Ritalin, for the unaware, is a drug that was used for years to treat
chaotic behavior in children. Instead, it produced an unfathomable
psychosis previously unobserved. OxyContin, is a heavy pain-relief
drug, made famous by the addiction of American Conservative talk-show
powerhouse Rush Limbaugh. Replacement therapy for stimulant abuse is
tricky. It does not deal with mental illness, which is at the genesis
of the vast majority of issues plaguing the DTES and it neither
"replaces" anything, nor, most importantly, breaks the cycle of addiction.
It just buys another kind of crazy. It's not like methadone, which
trumps heroin and completes the drug-receptor cycle. On methadone,
doing heroin is an exercise in futility. On any of the replacement
drugs proposed by the mayor, you can still go about the city and get
higher than a kite. No wonder the participation from the appropriately
respected Dr. John Blatherwick was buttressed by a begrudging,
"...well, I guess we'll give it a shot." Goodness, what a ringing
endorsement.
Sam Sullivan and his cadre of semi-retired hippies, pseudo-social
engineers, and political opportunists have decided that instead of a
workable roadmap to help the addicted-downtrodden (pushing for
multi-disciplinary drug-treatment centres and the reopening of
previously closed mental-health facilities), they will embark upon a
sure-to-fail plan of replacement "therapy" that will somehow sanitize
the DTES in time for the Olympics. Turn a clean Olympic dime, without
the years of government neglect on full display in a soiled vetrina
where we will throw good money after bad at a small portion of the
drug addicted, in the faint hope that this all might work - that's
what Mr. Sullivan is really saying.
In full Olympic delirium, His Worship adds, "We will be eliminating
the dealer..." Sure, Sam. After the dealer has gotten up off the
floorboards of his Ferrari from laughing himself almost into a coma,
I'm sure he'll just wither away, depressed.

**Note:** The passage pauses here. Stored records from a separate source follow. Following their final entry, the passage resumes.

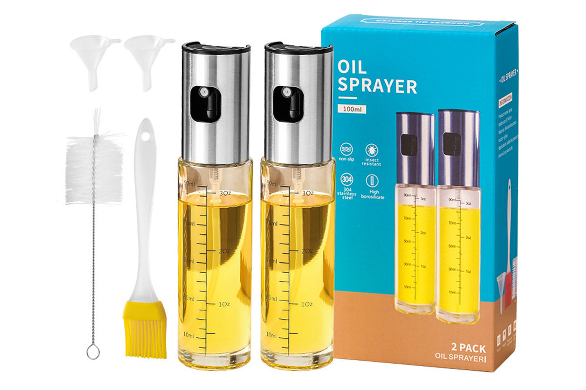 - Includes 100ml oil sprayers, perfect for olive oil, sunflower oil, vinegar, and more. Ideal for even application in frying, baking, grilling, and salad dressing.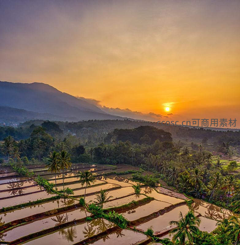 夕阳西下,金色余晖洒满水田,棕榈树倒影清晰如画,远山朦胧,营造出温暖静谧、诗意盎然的黄昏美景。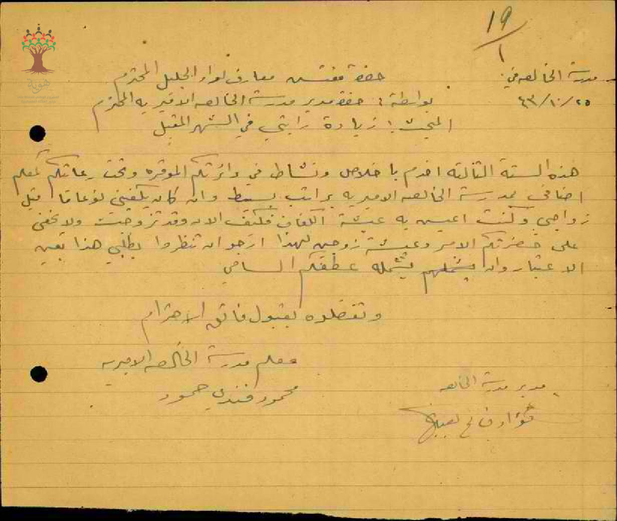 طلب زيادة مرتب مقدم من قبل الاستاذ محمود فندي حمود - الخالصة - مدرسة الخالصة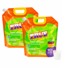 2 Pack of Unscented True Plant Based Fabric Softener is a plant-based fabric softener, made from Cotton Seeds. It conditions fibers to make clothes softer and fresher with every wash. It's biodegradable and safe for your entire family. Your clothes will feel soft and be reduced of static and wrinkles. True Plant Based Fabric Softener is the must-have addition to laundry day.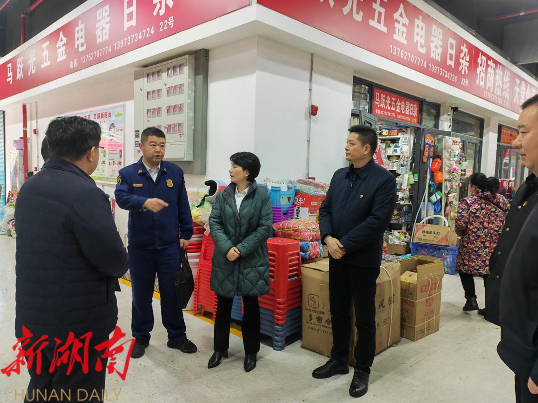 在桥北市场群,黄瑛区长一行详细检查各市场的人防、物防及消防安全情况、消防控制室值班值守情况。她指出,随着春节临近,返乡人员增多,人流量增大,市场交易和聚集性活动将出现高峰,各单位要强化责任意识,加强隐患排查,确保市场经营秩序稳定和消防安全形势稳定。在蓝天使小主持培训机构,检查组重点对安全出口、疏散通道是否畅通,消防设施器材是否完好有效,是否采用易燃可燃材料进行装修,门窗上是否设置影响逃生和灭火救援障碍物,防火门是否处于正常启闭状态,楼梯间是否存在违规堆放杂物等情况进行了逐一检查,要求负责人牢固树立安全意识,通过集中宣传教育、组织开展疏散逃生等多种形式,有效提高广大师生的消防安全意识和逃生自救能力。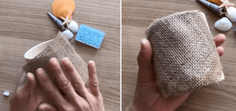 На мешковину прикрепите бисер, ракушки и другой морской декор. Идеально для ванной!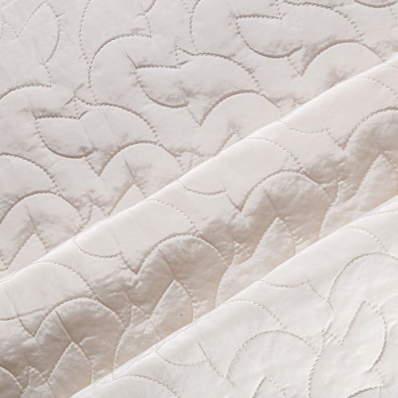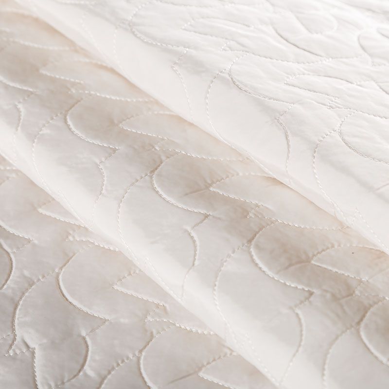 Двухслойная курточная ткань молочного оттенка, простеганная фигурной вышивкой нитками в тон. Нижний слой - синтепон, верхний - плотный матовый полиэстер. Очень мягкая и легкая, пластичная, хорошо драпируется. Прекрасно подойдет для  пошива легких пальто, курток, жилетов, накидок-кейпов, объемных сумок.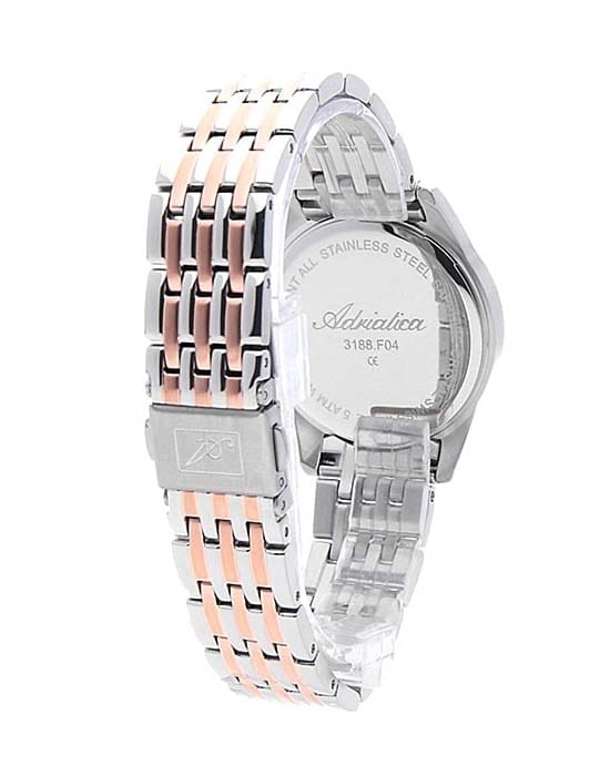 Часы Adriatica A3188.R117Q представляют собой сочетание швейцарской точности и изысканного дизайна. Эти часы из коллекции Premier созданы для тех, кто ценит утонченность и надежность. Корпус этих часов выполнен из нержавеющей стали, а безельБезельВнешний ободок, закрепляющий стекло. В спортивных часах так называется поворотное кольцо с делениями на циферблате, выполняет роль таймера – замеряет отрезки времени на шкале. Неподвижный безель – элемент декора. Однонаправленно вращающийся безель на дайверских часах позволяет фиксировать моменты погружения и выныривания на поверхность. с золотистым PVDPVDУльтратонкое покрытие наносится в технике вакуумного напыления, сочетает в себе нитрид титана особой прочности со слоем золота или оксида хрома. Несёт в себе декоративную или защитную функцию. покрытием, что придает изделию элегантность и долговечность. Сердцем часов является кварцевый механизм ETA F04, обеспечивающий высокую точность хода. Сапфировое стеклоСапфировое стеклоПрочный и надёжный материал из кристалла сапфира синтетического происхождения, характеризующийся особой твёрдостью и устойчивостью к царапинам и повреждениям. защищает изящный серебристый циферблат, а люминесцентное покрытиеЛюминесцентное покрытиеПозволяет считывать показания времени в темноте. Производители наносят на стрелки, часовые индексы, безель или поверхность циферблата светонакопительный состав, дающий холодное свечение. на стрелках облегчает чтение времени в условиях низкой освещенности. Часы обладают водозащитой до 5 ATM, что делает их устойчивыми к случайным воздействиям воды. Стальной браслет, выполненный из нержавеющей стали с частичным PVDPVDУльтратонкое покрытие наносится в технике вакуумного напыления, сочетает в себе нитрид титана особой прочности со слоем золота или оксида хрома. Несёт в себе декоративную или защитную функцию. покрытием, отличается комфортом и надежностью, а раскладная застёжкаРаскладная застёжкаТакой тип застёжки используется только на браслетах из металла. Она никогда не раскрывается полностью, происходит разделение на 2 и более частей. Раскладывающая застёжка снизит вероятность потери часов к минимуму. обеспечивает удобство ношения. Часы оснащены функцией отображения даты в окошке в положении 3 часа, что добавляет практичности в повседневной жизни.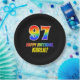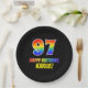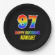 Este alegre, colorido y divertido diseño de placas de papel de cumpleaños presenta un gran número "97" y el mensaje "FELIZ CUMPLEAÑOS", ambos coloreados con un patrón inspirado en el gradiente del espectro del arcoiris, junto con un nombre personalizado amarillo en negrita. El fondo es negro de color. Las placas de papel con temática de cumpleaños como esta podrían ser usadas en un fiesta que celebra el cumpleaños noventa y siete de alguien. [~Z0000488]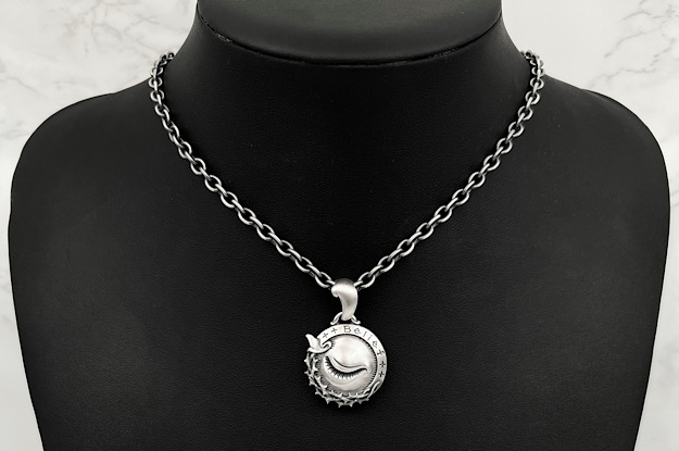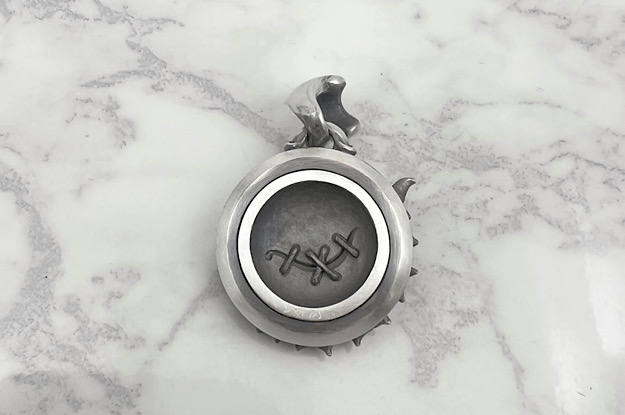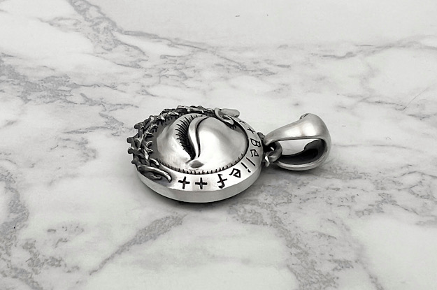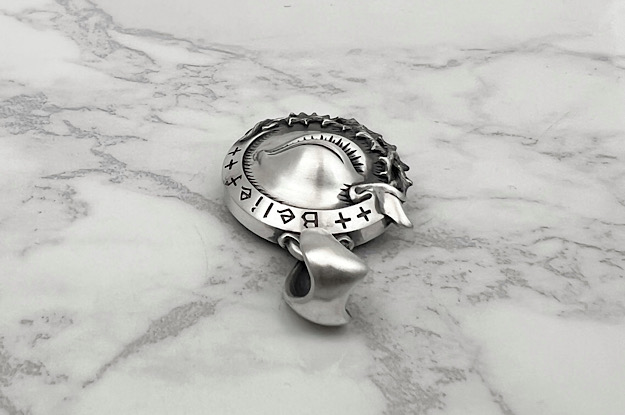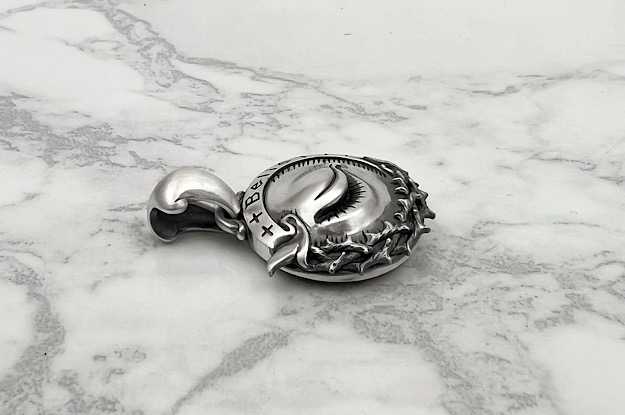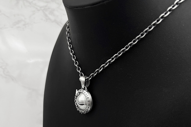 | ブラインドビリーフ "M" ペンダント ライト | Item No.MG-P-0067-R 総重量:約26g 正面縦寸法:40mm. 正面幅寸法:26mm. 燻し、艶消し仕上げ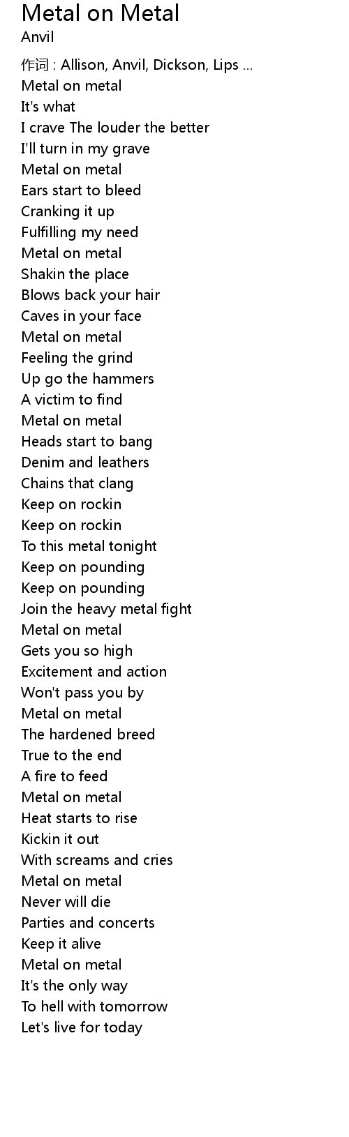 | 歌曲 | Metal on Metal |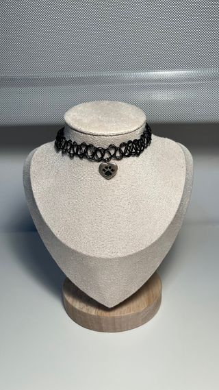 Collar tipo gargantilla elástico con un charm de corazón y huella. - Diseño de encaje negro. - Colgante metálico plateado en forma de corazón. - Detalle de huella de pata en el colgante.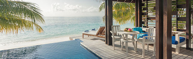 Übernachte direkt am Strand mit dem Blick aufs Meer. Die Beach Villen im maledivischen Stil verkörpern Luxus und Tradition in einem. Genieße die Badewanne und Dusche im Freien und nutze den direkten Zugang zum Strand, um Dich abzukühlen.
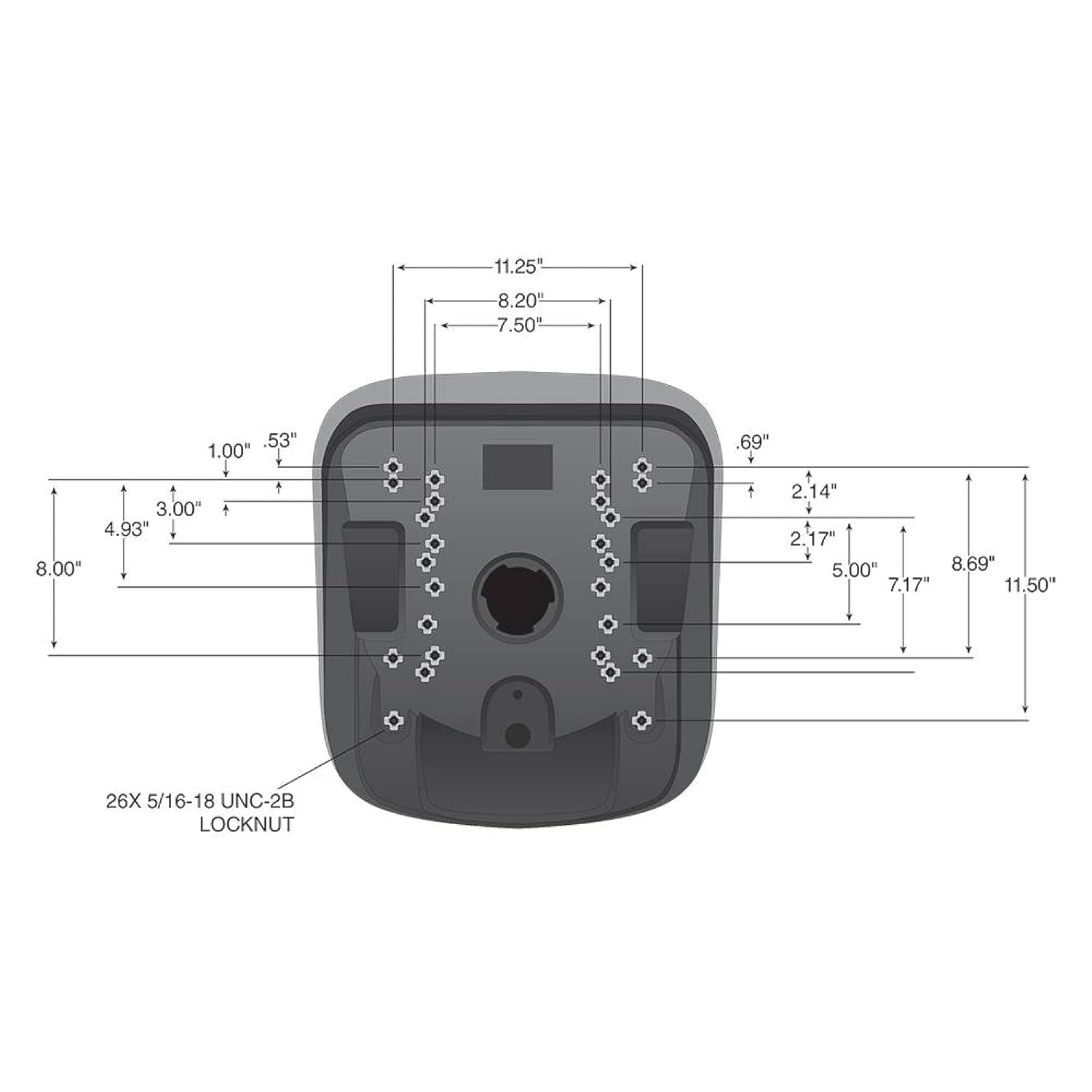 Stens 420-185 seat for John Deere am123666 replaces: John Deere: am103153, am103189, am107972, am108654, am123666 fits John Deere: GX70, GX75, GX95, Srx75, Srx95, 240, 245, 260, 265, 285 & 320; (325, 335, 345, 415, 425 & 445 Serial no. 070, 000 & lower) height: 15 1/2" width: 18" depth: 21 11/16" made by: an OEM supplier central drain corrosion resistant fully waterproof vinyl multi-hole mounting pattern yellow color 5/16"-18 bolts, not included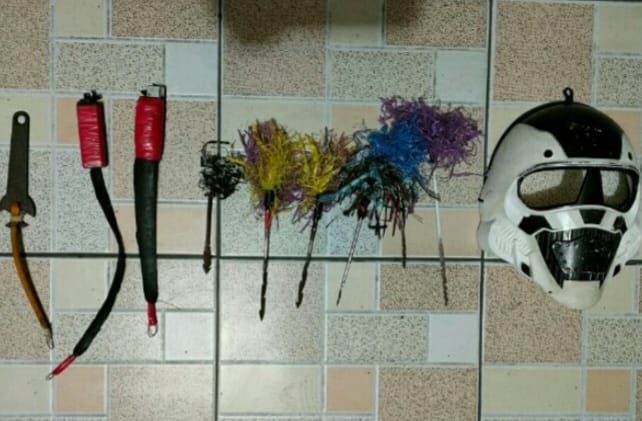 Tim langsung melakukan pemeriksaan badan dan di seputaran tempat mereka nongkrong dan akhirnya berhasil mendapati senjata tajam jenis panah wayer yang disembunyikan di selokan dan di dekat tempat sampah.

The War of Drugs never existed because of politicians precisely like
Mr. Sullivan. Even if you legalized narcotics, the dealer would
concoct better drugs with greater intensity and put the government out
of business. Competition would thrive.
This isn't, after all, Holland, where the same kind of strategies Mr.
Sullivan foams about has proven to create a super-environment of drug
tourism. If the Mayor and his hardliners get their way, Vancouver will
become every drug-tourist's North American destination of choice.
Some former and current politicians of all political stripes are
on-board with the insanity, too. Of course, they are all to blame for
the decades of utterly shameful tunnel vision that got us here in the
first place. Silent Sam is even shamelessly putting up the idea of
closing the 'Four Pillars' (when only one pillar is really working) as
a bargaining chip with his Tory buddies in Vancouver and Ottawa.
On the day I told Shorty my contract was up, he asked me for my
gloves. I gave them up freely; he looked so damned cold. No sooner had
I handed them over, but in gentle resignation, he took off those from
his mother, stuffed them into his pocket and put on the "new" pair.
And then, he reached out his right hand.
"Fair, eh? I get the gloves an' ya get the handshake ya always wanted.
My name is Ian. Take care of yourself and that new wife of yours Al.
I'm gonna miss ya."
And with that, we never saw each other again, perhaps knowing that
while our lives were so very different, our blood was from the same
Eden. Fade to black.
Tsakumis is a freelance writer and a long-time political analyst.